Levelling up has been on the lips of every candidate in the Conservative Party leadership contest. Each was expected to outline, if not a clear and coherent strategy, then at least a vague roadmap for achieving this nebulous but much promised goal. As we have seen with Liz Truss recently, there will be a lot of talk about the role that public investment must play in driving up productivity and prosperity in some of the UK’s forgotten regions.
Under Boris Johnson we have seen a cornucopia of funds, grants and schemes – all in the hope that a cocktail of equal parts lofty rhetoric and eye-watering sums of money will finally rebalance the UK’s economy, with town catching up to city and north gaining pace with south.

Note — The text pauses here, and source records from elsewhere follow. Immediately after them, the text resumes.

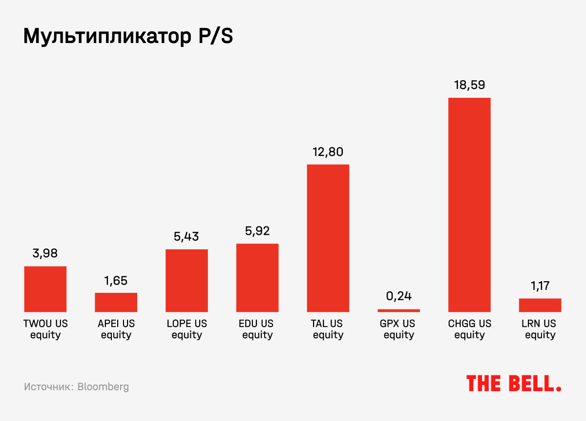 - Самые низкие мультипликаторы — у компаний с капитализацией менее $1 млрд: American Public Education, К12 и GP Strategies. Но и прогнозы по росту выручки у этих компаний более скромные.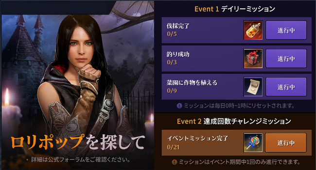 イベント期間中、毎日イベントミッションをクリアすると、イベントページより「光輝の聖水:大型」1個やイベントアイテム「酸っぱ~い!ロリポップ」などの報酬を獲得することができます。詳細は以下URLをご参照ください。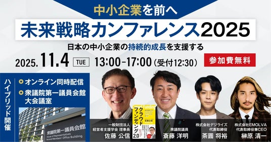 株式会社ダブルエム(所在地:名古屋市千種区、代表取締役:安井 勝)は、講演者選定・集客戦略・イベント運営を一括担当している「未来戦略カンファレンス2025」(2025年11月4日開催)に、新たに株式会社デジライズ 代表取締役の茶圓 将裕(ちゃえん まさひろ)氏が登壇することをお知らせいたします。本カンファレンスは、日本の中小企業の持続的成長と強靭化を目的としており、茶圓氏の登壇により、AIを活用した未来志向の経営戦略について、より具体的で実践的な議論が展開されることを期待しています。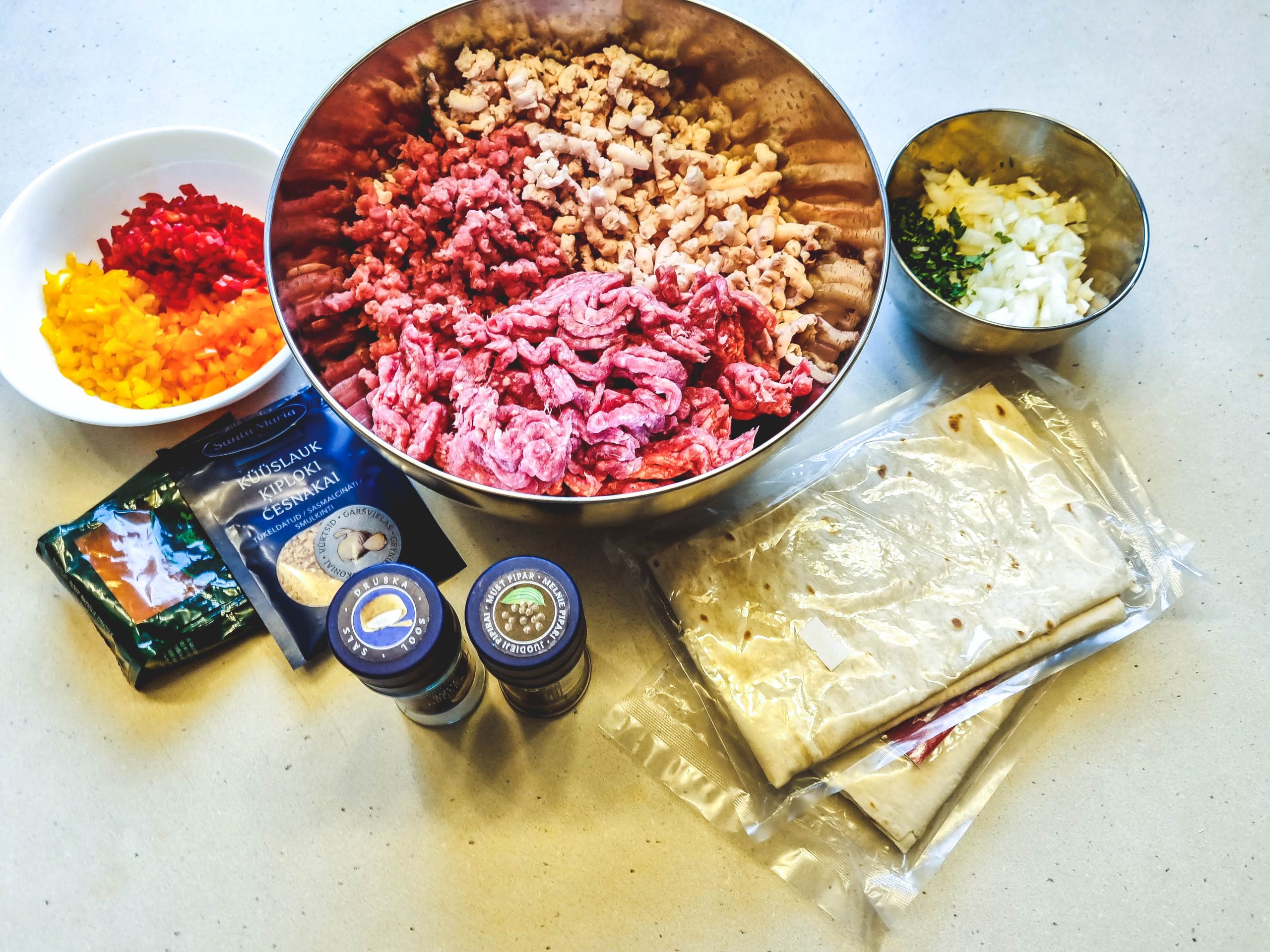 Mėsą sumalam. Svogūnus, paprikas ir šv. kalendras supjaustom smulkiai. Viską sumaišom su prieskoniais.

It would be a brave candidate who puts their hand up and asks not just whether this spending is the best use of taxpayers’ money, but whether it may actually make the situation worse. Because there tends to be a correlation between high public spending and poor private sector performance.
This idea is not new. Known as the ‘crowding out’ effect, the theory is that rising public sector spending drives down private sector activity. This is because of the impact that government financing for higher spending has. Government can only fund higher spending through borrowing or taxes. Both come at the expense of private sector investment. When government borrows, that’s money that could have been used to fund private sector investments. When government taxes, the private sector sees profits squeezed.
But there is a further angle to this: government spending does not just impact the availability of capital. Government spending also impacts the far more constrained availability of labour. Because the more government pays its staff, the less desirable the private sector is as a place to work. It’s a problem that the Truss campaign has correctly acknowledged in their policy announcement today. And the TaxPayers’ Alliance’s latest research into regional pay bargaining finds that it may be a very serious problem indeed.
Firstly, what is regional pay bargaining?
The best place to start is to explain its opposite: national pay bargaining. National pay bargaining is the current centralised way of determining public sector pay awards, via the public sector pay review bodies. It differs slightly sector by sector, but essentially what it means is that decisions on pay for public sector workers are taken on a national level, regardless of regional conditions. The only exception is London, where a pay premium is applied. Regional pay bargaining by contrast would mean that pay decisions are taken on a region-by-region basis.
Under national pay bargaining, little attention is paid to regional conditions such as cost of living and unemployment. The results are highly distortionary. Compare the pay of civil servants in London to civil servants in the North East. In London, executive officers (the second most numerous pay grade) receive a median salary of £30,110, compared to £27,570 in the North East. Then compare these to the median salaries for private sector jobs. In London, the median private sector salary is £33,656, a healthy 10% higher than the median salary for an executive officer. But in the North East it’s just £21,644. That’s 20% lower than the salary of an executive officer in the region. Even for the lowest paid civil service job, an administrative officer or assistant, the median salary in the North East is £21,010, only marginally lower than the median private sector salary in the region and with the added bonus of a public sector pension.
It’s no wonder that the private sector cannot compete in the North East. And the data is similar for the rest of the country. A clear picture emerges: left-behind areas are defined by public sector pay outstripping private sector pay.
The most recent data we have on pay rises highlights the deteriorating situation. In Scotland, in 2021, public sector workers were treated to a bumper 9.7% pay rise. In the North East they took home a still handsome 6.6%. Their private sector counterparts didn’t just fail to keep pace with these pay rises. Instead they suffered painful cuts to their wages, with Scottish workers seeing pay fall by 4.4% and north-eastern workers being forced to swallow a 5.1% deduction. These are completely unsustainable numbers.
Particularly interesting is the data for the senior civil service. These are the sorts of workers that should be at the top of their game. The sort of people that would be expected to set up businesses or run them at high levels. And yet the incentives in so much of the country are to go straight for a public sector role. Remarkably, London is in the bottom half for median salaries for the senior civil service level. The East Midlands, East of England, Scotland, West Midlands, South West, and South East are all higher. Why go into business when the life of the bureaucrat gives you so much bang for your buck – plus all the other benefits that come with that.
Regional pay bargaining then would not just be good for the taxpayer, as it could save up to £8.8bn per year. It would also help truly drive levelling up in the regions. By bringing public sector pay into line with levels where the private sector can compete, the promise of levelling up can perhaps truly be realised by business (not just public) investment.
Because it is only private sector investment that can guarantee prosperity for the long term. It is only the private sector that creates the wealth which translates into higher incomes for workers, and improved tax receipts to fund public services. The best way to help the private sector? Stop crowding it out.